A few things that turn out to matter more than they sound like they will.

**Calibrate the cost rate card per model.** Vendor pricing changes; some models bill reasoning tokens as completion (full output rate), others bill them at a discount, others don't expose them at all. Without a calibrated rate card per model, your $/PR numbers are decorative. Update the card monthly or whenever a vendor announces pricing changes.

**Pin model tags.** `gpt-5` and `gpt-5-2026-04-01` may not be the same model in two weeks. Pin specific tags in the pool config; treat a model upgrade the same way you treat any other config change (commit, dispatch a few canary items, watch).

**Tag PRs with replica + model.** Every PR opened by a heterogeneous pool should carry metadata in the body or labels: `builder-medium-2 (gemini-2.5-flash)`. This makes the analysis cheap — `SELECT model, AVG(merge_time), AVG(required_fix_count) FROM prs GROUP BY model` writes itself when the metadata is there.

**Track defers as first-class outcomes, not failures.** A defer is the agent declining to ship rather than shipping a broken PR. That is a feature. Collapse the wrong way — counting defers as failures — and you'll discourage the behavior and end up with more REQUIRED-FIX cycles.

**Be careful about prompt diffs.** If `replica-1` has a different prompt as well as a different model, you are testing both at once. Sometimes that's the point (each model has slightly different prompt ergonomics). Sometimes it muddles the comparison. Decide explicitly which you are doing.

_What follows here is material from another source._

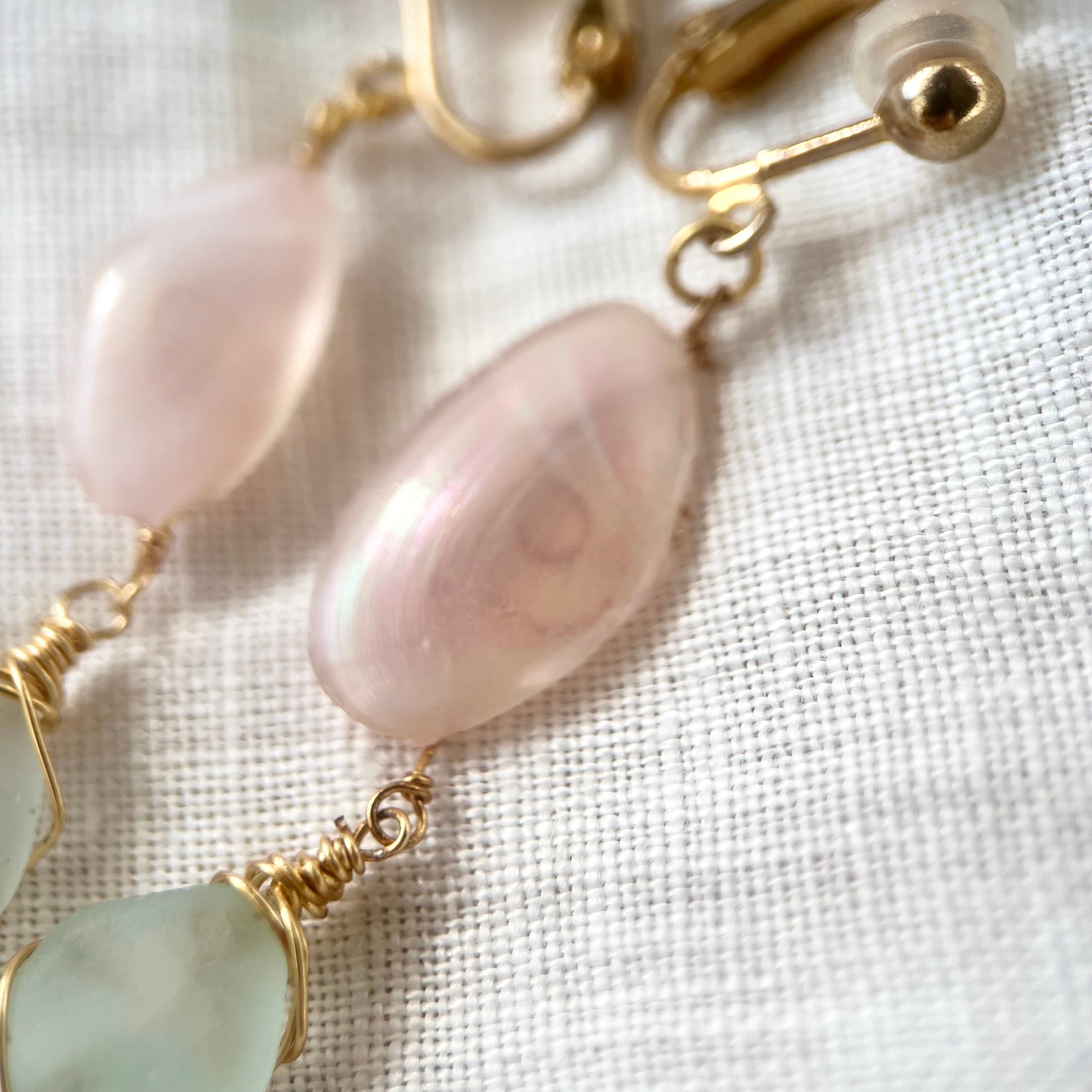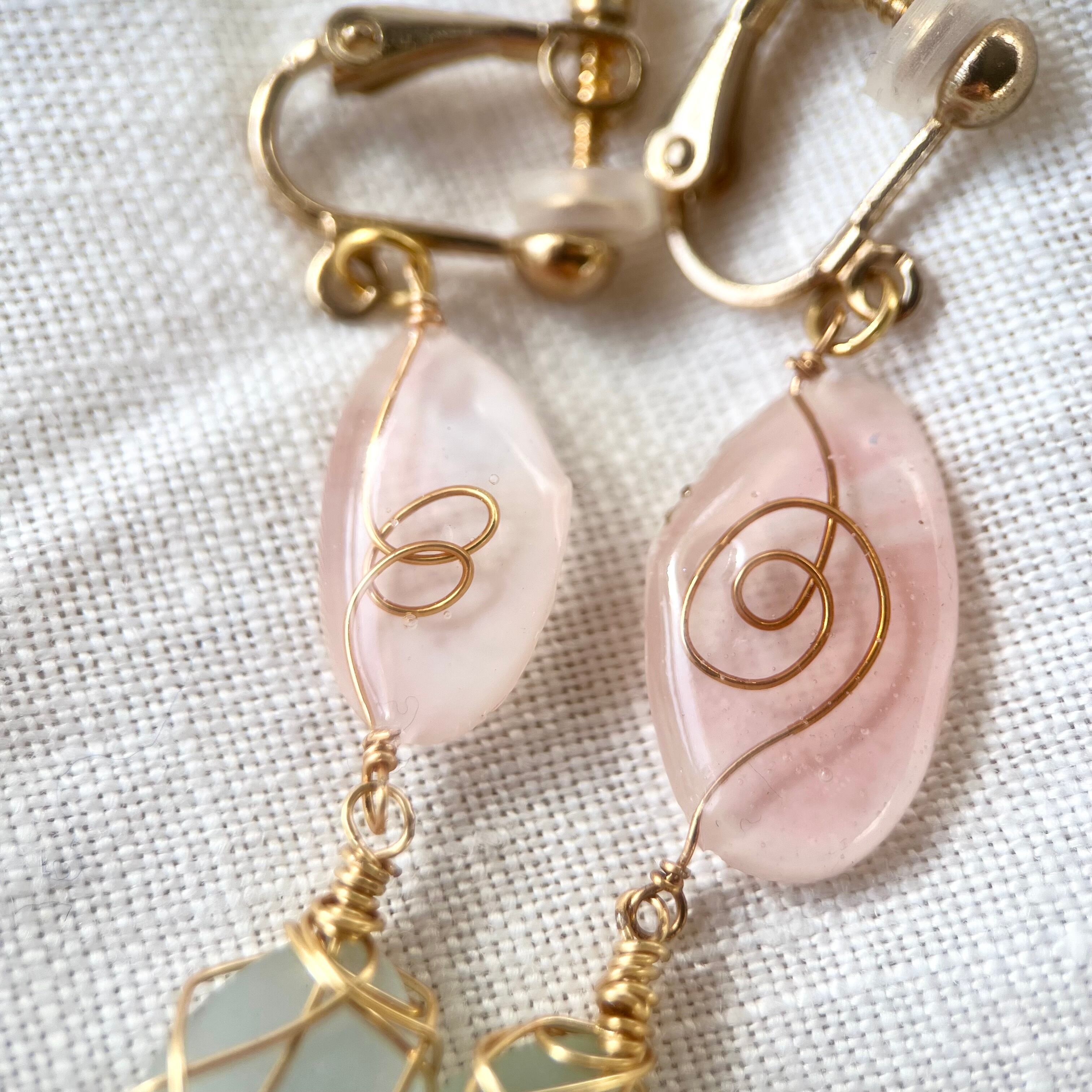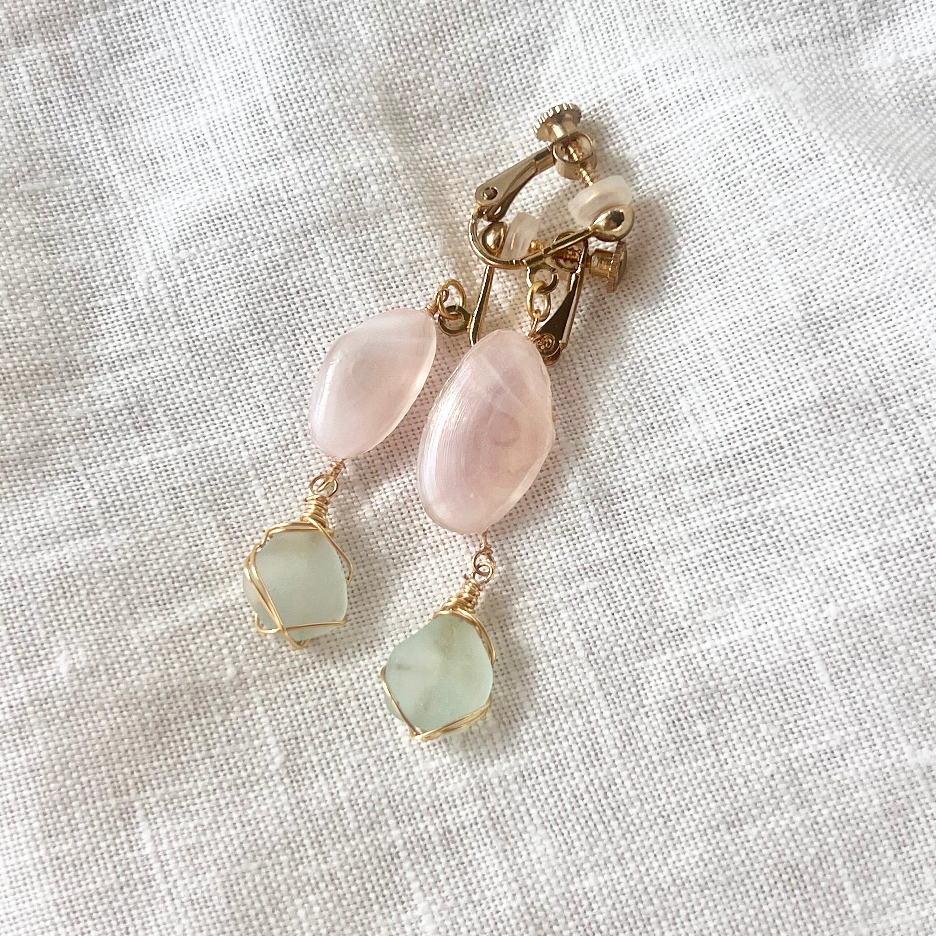 強く儚き桜貝と水色シーグラスのイヤリング

## When this pattern doesn't pay off

The heterogeneous pool is not free. Each additional replica costs you cycles, tokens, and infrastructure. The pattern only wins when:

- **Backlog volume is high enough** that fanout dispatch doesn't starve any single arm. With 4 replicas and 12 items per day, each arm averages 3 dispatches — fine. With 4 replicas and 2 items per day, you have no signal.
- **The agent role is well-defined** and the same spec is genuinely runnable by multiple models. A pool that includes a model the others can't compete against (because the spec format relies on capabilities only one supports) is just a homogeneous pool wearing a costume.
- **You actually look at the data**. The pattern produces a continuous dataset; if nobody reads the dashboard or rotates the routing decision, you're paying for parallel work and learning nothing.

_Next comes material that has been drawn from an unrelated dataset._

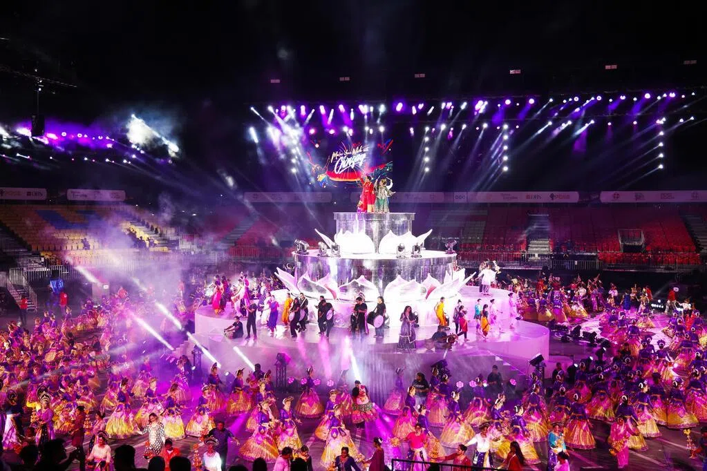 全方位圆形舞台上,四大种族的传统节庆轮番上演,来自44所中小学的逾3400名师生沉浸在妆艺游行国民教育演出中,跟随表演者载歌载舞,在星空下许愿,期盼一个多元共荣、和谐共进的未来。

For low-volume backlogs, a periodic sandbox A/B (fire the same spec at multiple models in a one-off comparison) gets you most of the value at less cost. For very tight-budget teams, single-replica pools are more cost-effective. The heterogeneous pool is right when you have enough work to amortize the comparison cost and a real reason to know which model handles your real workload best.

## A worked rollout

A reasonable adoption path for a team that has a homogeneous pool today:

1. **Pick the most-cost-aware pool first** (usually a "medium" or "tier-2" pool where unit cost matters most). Heavy/expensive pools tend to have less variance and less benefit from comparison.
2. **Add the `heterogeneous: true` flag** to defeat env-injection of the pool's default provider/model. Verify the per-replica override is taking effect (`kubectl exec replica-1 -- env | grep MODEL`).
3. **Start with 2 replicas** (your current model + one candidate). Run for a week. Look at the dashboard.
4. **Expand to 3-4 replicas** once you trust the data. Each new replica should test a hypothesis ("does deepseek win on multi-file refactors?"), not just be a new model.
5. **Collapse when you have an answer**. After a month or two you will have either confirmed your current model or found a winner. Collapse back to homogeneous (saving infrastructure cost) and start the cycle again with the next pool.

The point is not to run heterogeneous pools forever. The point is to convert "I think model-X might be better" into "model-X ships 1.4× the PRs at 0.6× the cost for our actual workload" — and then to act on the answer.